The Supreme Court of California, in the recent case Fuentes v. Empire Nissan, Inc. (Fuentes), held that small blurry print in an arbitration agreement was not enough to support a valid claim of unconscionability under California law. In Fuentes, an employee applicant signed the company’s arbitration agreement even though the font size was tiny, blurry and the document contained complex, jargon-heavy language. After a termination following a medical leave of absence, the employee sued and opposed the employer’s motion to compel arbitration by claiming the signed agreement was unconscionable.
To establish that a contract is unenforceable because it is unconscionable, the party opposing enforcement must show unfairness both in the procedure by which the contract was formed and the substance of its terms. In reviewing the Fuentes case, the Court found that a contract’s format, such as illegibility, is generally irrelevant to substantive unconscionability, which concerns the fairness of the contract’s terms. However, the Court did clarify that courts must more closely scrutinize the terms of contracts that are difficult to read for unfairness or one-sidedness when there is high procedural unconscionability.
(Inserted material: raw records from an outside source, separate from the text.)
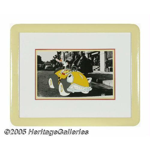 <B>Who Framed Roger Rabbit Serigraph (The Walt Disney Company, undated).</B></I> This sericel is based on a scene taken from the technically-marvelous landmark film, ""Who Framed Roger Rabbit"" (1988), which blended animated, ink-and-paint cartoon characters with flesh-and-blood live actors. In this scene hapless, no-nonsense private eye, Eddie Valiant, hops into Benny the Cab, where Roger waits. The sericel is placed on top of a photo image of Eddie Valiant (Bob Hoskins), which was taken from the film. The image area measures 13"" x 8"" and the art is in Excellent condition. <BR><BR><B>Important notice:</B> Heritage usually auctions material at the rate of 200-250 lots per hour. On some occasions eBay Live bid software or the Internet may not be able to keep up with the pace of the auction. We recommend placing a realistic absentee bid now as insurance to avoid disappointment. Occasionally the auctioneer may eliminate or reject an eBay Live bid, and the auctioneer may also reopen a lot after the close of the eBay live bidding (usually because we missed an audience bid), and may reject your bid even if it shows you as the winning bidder. By bidding via eBay Live, you agree that Heritage may award the lot to another bidder at its sole discretion under the circumstances described above or any other reasonable circumstances. Since eBay bids are not shown to us until we open the lot on the floor, we treat those bids just like floor bids. In most cases the floor responds before the eBay bid is presented to us, due to Internet lag time, so for consistency we have made it a policy that floor bids are always considered first over tie eBay live bids. Also please note that all Heritage lots purchased through eBay Live carry a 20% Buyer's Premium. Please make sure you read the Terms and Conditions before you bid. This lot is being auctioned in conjunction with a live floor auction by Heritage Galleries & Auctioneers. All final auction and invoice information will be supplied b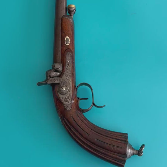Mid 19th Century Large Calibre Percussion Cap Officers Pistol Signed By The Quality Maker J B Ronge Liege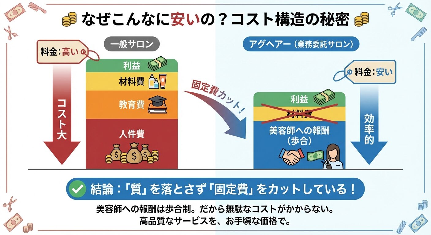 「安さには裏がある」。そう疑うのは賢い消費者の証です。しかし、アグヘアーの安さに「怪しい裏」はありません。あるのは、徹底的に計算された「企業努力」と「仕組み」だけです。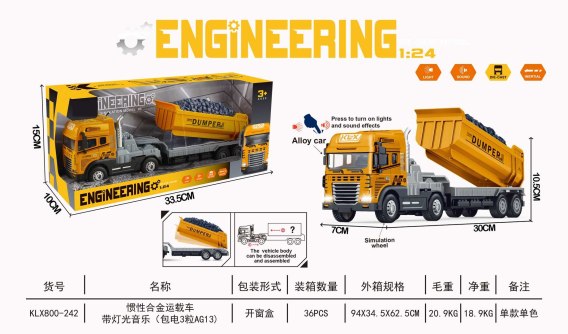 Interaktywna wywrotka dla dzieci od 3-go roku życia. Wywrotka wykonana została w skali 1:24, posiada metalową, wytrzymał kabinę i skrętną przyczepę wykonaną z najlepszej jakości plastiku. Przyczepę możemy odczepiać, manualnie podnosić, opuszczać, ruchoma jest również tylna klapa przyczepy. Pojazd posiada mrugające przednie lampy oraz funkcje dźwiękowe: odgłos jazdy pojazdu, klakson, odgłos cofania. Koła w pojeździe posiadają gumowe bieżniki i napęd na tył. Zabawka zasilana jest bateriami typu 3 x AG3 (w zestawie). Funkcje zestawu: - odpowiedni dla dzieci powyżej 3-go roku życia, - wykonany z najlepszej jakości materiałów (metal i plastik), - wykonany w skali 1:24, - gumowe koła, zapewniają dobrą przyczepność do podłoża, - napęd na tylne koła, - odczepiana przyczepa, - mrugające światła przednie wywrotki, - odgłosy jazdy pojazdu, klakson, cofania, - podnoszona i opuszczana przyczepa, - podnoszona klapa tylna przyczepy. |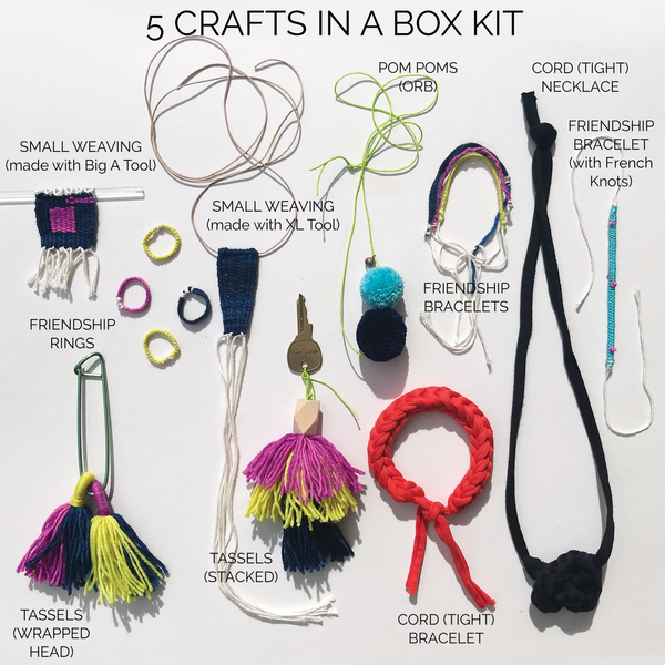 Totally fun! This 5-Crafts-in-a-Box kit lets you try your hand at all five crafts (pom pom, tassels, friendship bracelet, weaving and cord) that the Loome tool can make.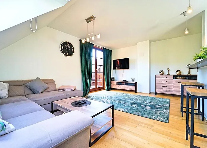Apartamenty Everysky - Okrzei 1B appartement van 70 m^2 ligt in Karpacz op afstand van 3 km tot de Berg Sniezka en biedt een uitzicht op de berg. Het appartement beschikt over een draadloos internet in openbare gebieden.

It also found the Court of Appeal improperly relied on a pro‑arbitration presumption and cut off consideration of unresolved factual issues about contract formation. The Supreme Court reversed and remanded for further proceedings.
Given the Court’s holding, employers should consider the following best practices when drafting and implementing arbitration agreements:
- Ensure substantively fair arbitration terms. Courts focus on whether the terms are balanced – not formatting alone – but will scrutinize fairness more closely when agreements are imposed through standardized hiring processes.
- Reduce procedural unconscionability during hiring. Seasonal and high-volume onboarding increases risk; allowing time to review and clearly presenting arbitration agreements helps demonstrate fairness.
- Use clear, readable agreements for a diverse workforce. Small or blurry print alone is not fatal, but difficult to read agreements invite closer judicial review – especially where workers have varying language proficiencies.
- Assume Close Judicial Review. Draft arbitration agreements conservatively, with the expectation that a court may review them line by line. Provisions that appear even modestly one-sided may be vulnerable when applied to agricultural employment relationships.